I’d like to start off by providing you guys a little more context on the behavior you’re encountering.

One of the main reasons that Windows is decoding MJPEG for your applications is because of performance. With the Anniversary Update to Windows 10, it is now possible for multiple applications to access the camera in ways that weren’t possible before. It was important for us to enable concurrent camera access, so Windows Hello, Microsoft Hololens and other products and features could reliably assume that the camera would be available at any given time, regardless of what other applications may be accessing it. One of the reasons this led to the MJPEG decoding is because we wanted to prevent multiple applications from decoding the same stream at the same time, which would be a duplicated effort and thus an unnecessary performance hit. This can be even more noticeable or perhaps trigger error cases on in-market devices with a hardware decoder which may be limited on how many decodes can take place simultaneously. We wanted to prevent applications from unknowingly degrading the user experience due to a platform change.

The reasoning for H.264 being decoded can get a little more complicated (and I’m just learning the details myself as I talk to other members of the team), but the basics revolve around how H.264 allows for encoding parameters to be changed on the camera directly, and how in a situation where multiple applications are making use of this control path, they could interfere with each other. Regarding Roman’s concerns about Lync: both Lync and Skype are partner teams, and we stay in touch throughout the development process, so the camera functionality in those applications will continue to work.

So yes, MJPEG and H.264 being decoded / filtered out is the result of a set of features we needed to implement, and this behavior was planned, designed, tested, and flighted out to our partners and Windows Insiders around the end of January of this year.  We worked with partners to make sure their applications continued to function throughout this change, but we have done a poor job communicating this change out to you guys. We dropped the ball on that front, so I’d like to offer my apologies to you all. We’re working on getting better documentation out, to help answer any questions you may have. Of course, you can always reach out to us via these forums for specific issues, as we monitor them regularly, or file feedback using the Feedback Hub. We’re constantly collecting feedback on this and other issues, so we can better understand the impact on our application developers and customers. If you’re having issues adapting your application code to the NV12 / YUY2 media types, we’d like to support you through the changes you may need to make. To get you started, please refer to the documentation links in my previous post. If there are reasons why working with this format isn’t feasible for your project, please let me know, and I’ll present them to the rest of the team, to try and find the best solution for your case.

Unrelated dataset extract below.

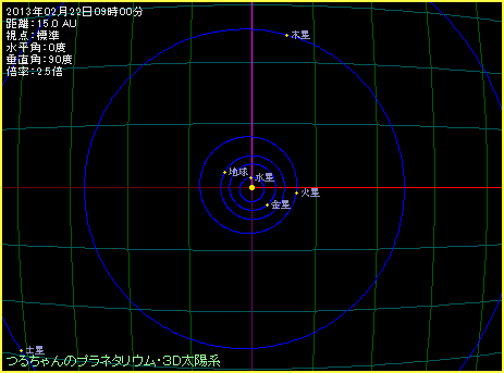 2月22日、地球と太陽と木星の位置関係

Dacuda and Stephan B, I’m curious about your specific situations, since you report that this change is breaking functionality for your customers. Are your customers using custom camera hardware? Is the set of supported cameras restricted by your applications? How do your applications deal with devices like the Surface Pro 4, Surface Book, or Dell Venue Pro, which wouldn’t offer the media types your applications are relying on?
I’d like to wrap up this wall of text by letting you know that your feedback here and through other channels is greatly appreciated and something that’s on our radar. We’re trying to look into what other options we can offer you to be able to improve on this for your (and our) customers, so stay tuned! I invite you to please subscribe to this thread (use the “Alert me” link at the top), and I’ll keep you guys updated on what we find. Thanks!

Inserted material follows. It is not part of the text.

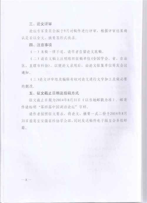 > 中國科協(xié)辦公廳關(guān)于舉辦第四屆中國湖泊論壇的預(yù)備通知

Basically, it’s bad news for those who consume compressed video from capture devices – the breaking change is intentional. Something is offered in exchange and I hope someone will present the platform changes in a friendly readable document. In particular, Microsoft seems to be adding VP8/9 video decoder and encoder in this new platform version (more later on that perhaps).

Microsoft Developer Web Service Day

MSDN Forums bug today earlier was nothing. Here is a new one with Microsoft Connect. A StackOverflow poster found a bug and created a feedback item with MS Connect:

MS Connect before Sign In

Available to anonymous, however invisible to authenticated user after sign in:

MS Connect after Sign In

The content that you requested cannot be found or you do not have permission to view it.

It should be a permission thing, I suppose.

“… you will never get the same high quality video experience that you find with DirectShow”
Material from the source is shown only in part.